A shrinking world got considerably smaller on Wednesday. Google, a company spawned in a garage of two university students in California just seven years ago, announced a new service that will allow you to telephone your mother in Australia free of charge, as long as she too is a Google user.
That is just the start. The company, with a market capitalisation of $78-billion, has ambitions to colonise the living room and to apply the phrase ”to Google” to every activity that occurs within it. In addition to the telecom move, it also launched an improved version of its desktop search software this week that helps users to organise all the files on their computer and constantly suggests useful web links and documents pertinent to whatever you happen to be doing at the time.
The rate of new launches has increased further since its high profile flotation last year. With each new service, Google and its student founders, Sergey Brin and Larry Page, encroach a little bit more on the territory of Bill Gates and Microsoft, the software giant that powers 95% of the world’s computers. The question now is whether the young upstarts who have built a hugely profitable business on Google’s anti-corporate image are on the way to following Microsoft’s founder’s path from bright young turk to monopolistic behemoth.
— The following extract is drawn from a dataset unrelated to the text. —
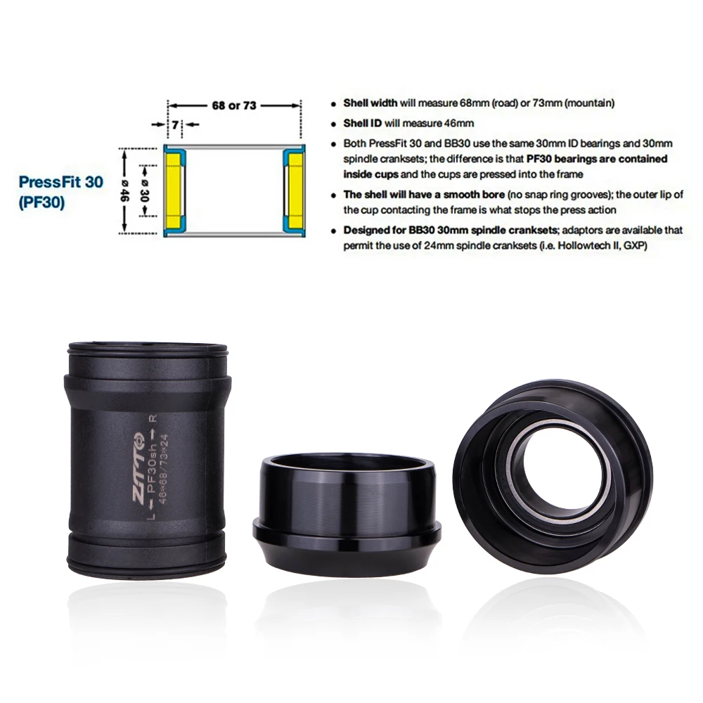 ZTTO PF30sh PF30 24 адаптер для велосипеда, пресс для нижних кронштейнов для горных и шоссейных велосипедов, запчасти 24 мм, кривошипная звезда

Interbrand, a company that measures the relative worth of the world’s main brands, calculates that Google is the 38th most valuable, at $8,46-billion. While this is a long way behind Microsoft, estimated to be the second most valuable brand, at $59,94-billion, Google’s ascension is remarkable for a company that is so young and has spent next to nothing on marketing.
Already there are whispers in California’s Silicon Valley that it is becoming too much like Microsoft, the technology firm that every teccie loves to loathe. While there is a significant crop of sour grapes in the mix — not helped by last week’s news that Google is selling a further $4-billion worth of shares to fill a ”war chest” — Google is also attracting unfamiliar epithets such as ”arrogant”.
Its sheer financial power and need for engineers to create new products has sent salaries in Silicon Valley rocketing, as it poaches staff. It has already ended up in a court battle with Microsoft over the fate of Dr Kai-Fu Lee, the developer of MSN’s search engine, whom Google poached from the Seattle-based software giant.
Dot.com start-ups are also finding it increasingly difficult to persuade potential financial backers that their prospective markets will not be squashed by the might of Google.
Gates put the knife in earlier this year when, in an interview with Fortune magazine, he said Google was ”more like us than anyone else we have ever competed with”.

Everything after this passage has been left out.